Батарей промолчал, словно признавая за Данилом право принимать решения и отдавать распоряжения. Да так в принципе оно и было — Пашкина смена состояла практически из одной молодежи до шестнадцати лет, в рейды пока еще не ходившей и смотревшей на матерых сталкеров, какими представлялся им Данил, снизу вверх с раскрытыми ртами.
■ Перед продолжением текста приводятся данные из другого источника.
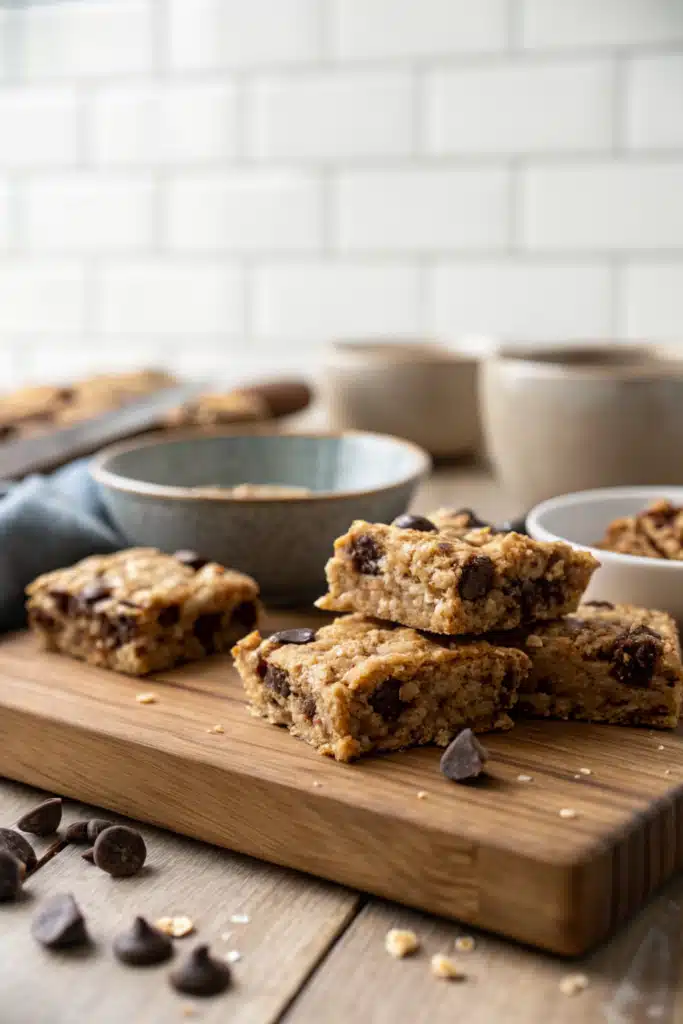 Transfer the dough into your prepared pan and press firmly into an even layer using a spatula or the back of a measuring cup. Bake for 30–35 minutes, or until the edges are lightly golden and a toothpick inserted near the center comes out mostly clean (a few moist clumps are okay). Don’t overbake or your bars will become hard.

Жизнь, полная невзгод, лишений и ограничений, не давала надолго задерживаться в детском возрасте. Как и в средние века или во времена войны, дети Убежища очень рано становились самостоятельным. А уж тем более это касалось ребят поколения Данила — ведь в том числе и на них пришлись все нагрузки первых лет, становление общественного строя Убежища, тяжелый труд практически наравне со взрослыми, вся полнота осознания ответственности за каждый свой шаг, каждое свое действие. В семь — уже хороший помощник, в двенадцать — полноценный, отвечающий за свои поступки член общества, в пятнадцать — воин, обращающийся с оружием достаточно хорошо для того, чтобы постоять за себя в случае опасности.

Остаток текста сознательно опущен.